The result: the robot achieves competent behavior after about 40 to 60 demonstration episodes, equivalent to a few hours of data collection. This is an order of magnitude lower than real-world RL-from-scratch approaches.

Results: what the robot actually does

The experiments are conducted on the Unitree Go1, a consumer-grade quadruped equipped with a 2-finger gripper mounted on its torso. The environment is a university office — not a prepared lab, not a perfectly flat surface.

Validated tasks

The robot accomplishes four loco-manipulation tasks:

Ground object grasping: the robot walks up to an object placed on the ground (cardboard, bottle, box), stops, adjusts its posture, and grasps the object with its gripper.
Tabletop object grasping: the robot approaches a table, rears up on its hind legs to reach the height, and grasps the object.
Object transport: after grasping, the robot walks toward a target point while holding the object in its gripper, adapting to ground irregularities.
Door opening: the robot approaches a door, inserts its gripper into the handle, and pushes while moving laterally.

Quantitative performance

The success rate ranges from 60% to 85% depending on the task and environment. These figures may seem modest compared to a fixed robotic arm (which achieves 95%+). But for open-world quadruped loco-manipulation, this is an unprecedented result.
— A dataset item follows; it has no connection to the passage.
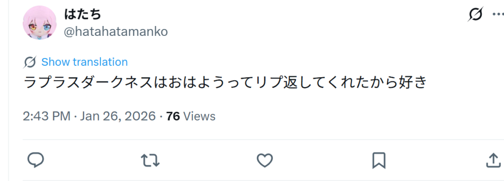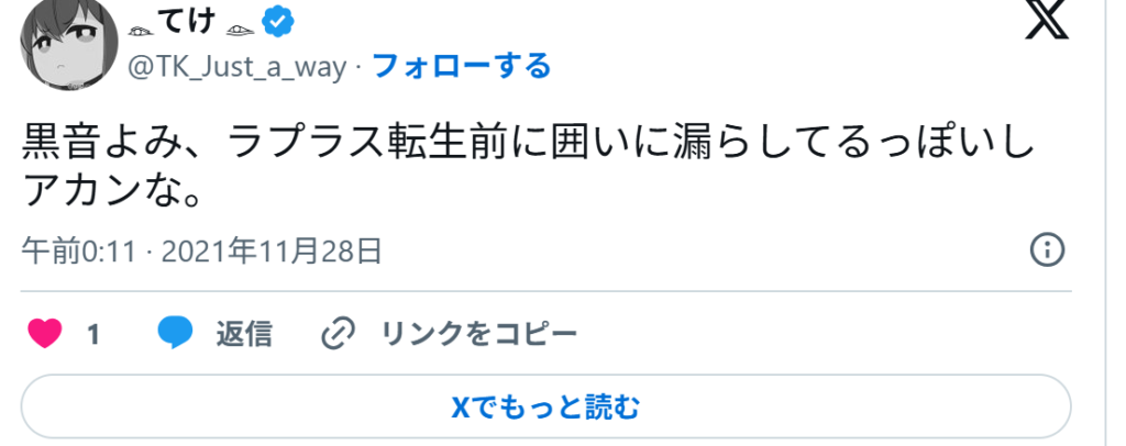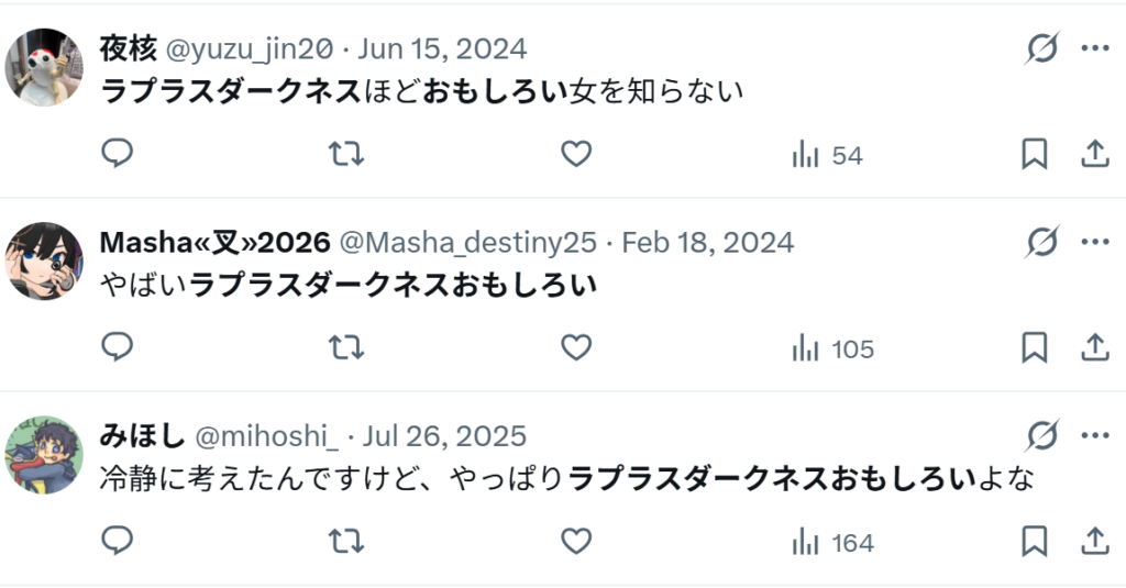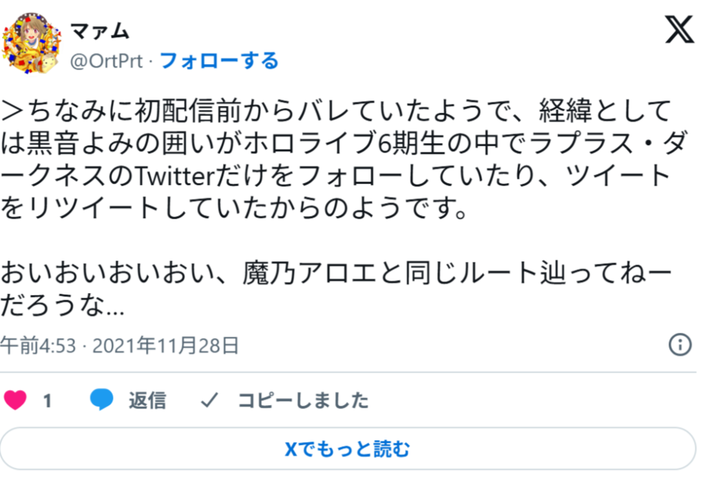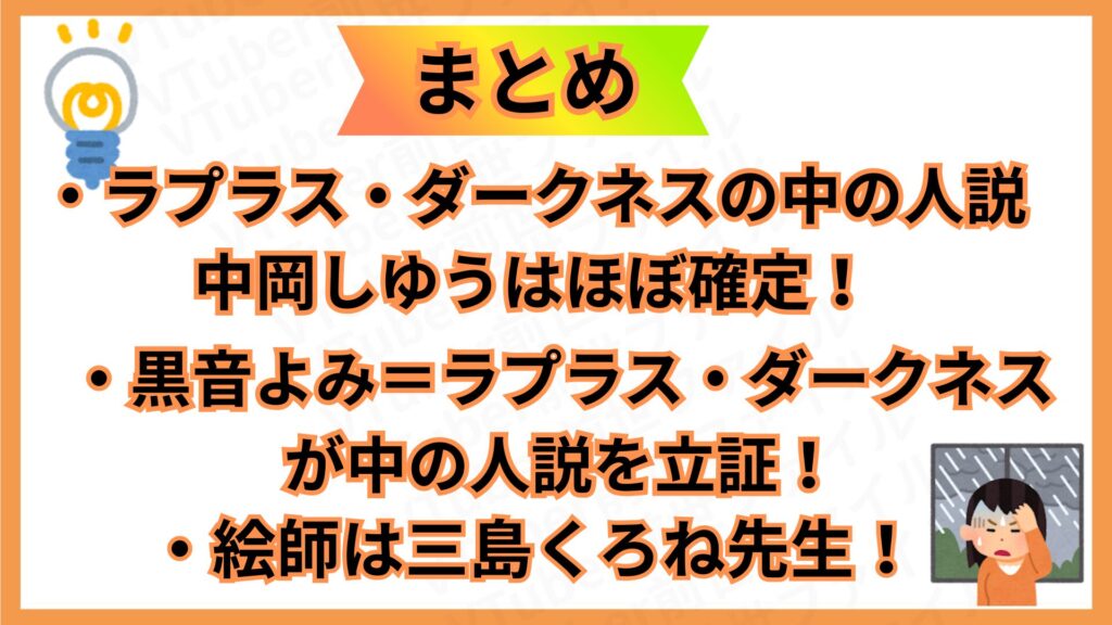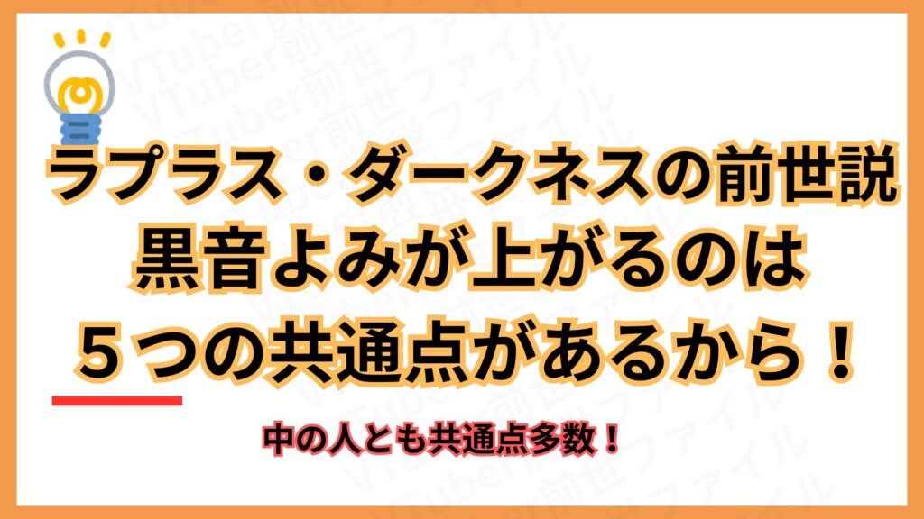 こうした5つの共通点から、ファンの間ではラプラス・ダークネスの前世は黒音よみで、中の人は中岡しゆうだと、確信に近い声が上がっています。

Failures primarily stem from extreme situations: an object too heavy for the Go1's gripper, a surface too slippery for locomotion, or total occlusion of the object during the approach.

Open-world generalization

The most impressive point is the generalization. The robot is trained in a specific office with a set of objects. Tested in a different corridor with never-before-seen objects (a shoe, a plastic cup), it succeeds without retraining.
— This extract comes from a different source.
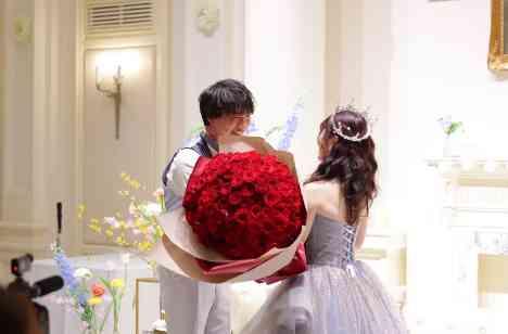 この思い出の1日だからこそ、ご新婦様にも感謝の気持ちを伝え喜んでもらいたいと、歌とバラを100本をプレゼント! お二人とも気持ちが溢れる素敵な時間となりました♪ とても緊張されていましたが、当日まで一緒に考えてきたサプライズが大成功になって良かったです 会場スタッフにとっても、忘れられないシーンとなりました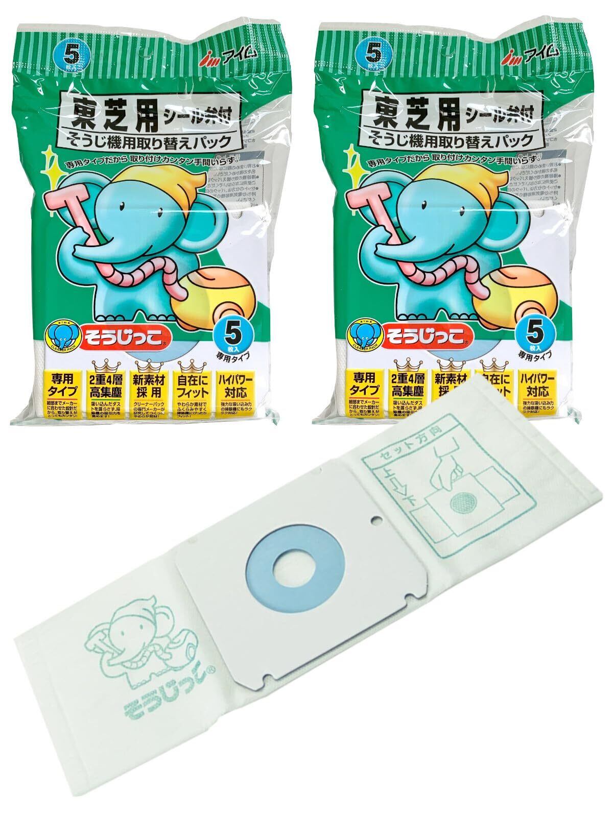 アイム 掃除機 取り替え 紙パック 東芝 ぞうじっこ 10枚 (5枚×2個セット) シール弁付き MC-03S ホワイト 商品サイズ (幅×奥行×高さ) 15×3.5×24cm

The policy has learned sufficiently generic manipulation primitives to transfer to new contexts. This is exactly what specialized approaches were missing.

Comparison with the state of the art

Approach	Simulation required?	Sensors	Fused loco-manipulation?	Open-world generalization?	Typical success rate
Classic sim-to-real (ETH, 2023)	Yes	IMU + LiDAR + RGB-D	Partial	No	40-55%
Real RL from scratch (UC Berkeley, 2024)	No	IMU + encoders	No (locomotion only)	No	70-80% (loco)
Modular approach (separate loco + arm, 2024)	Yes	Multi-sensors	No (sequential)	Limited	50-65%
SigLoMa (2025)	No	1 RGB camera	Yes	Yes	60-85%

The table speaks for itself. SigLoMa is the only approach that checks all the boxes: no simulation, minimal sensor, true fusion of locomotion and manipulation, and open-world generalization.
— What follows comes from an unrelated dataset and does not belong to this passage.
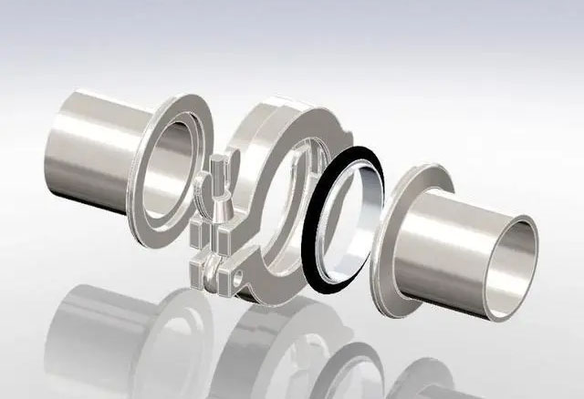 1)ISO-K 真空接頭通常由法蘭(flang)、法蘭爪(clamp)、密封圈(O-Ring)、中心定位環(huán) (centering ring) 組成。

The system's honest limitations

Despite its lead, SigLoMa has weaknesses that the paper does not hide.

The Go1's gripper is rudimentary. Two parallel fingers, no fine grasping. The robot can only grasp objects of compatible shape and size — a pen or a spoon are out of reach. Moving to a 5-finger anthropomorphic hand is not trivial and would require a complete redesign of the policy.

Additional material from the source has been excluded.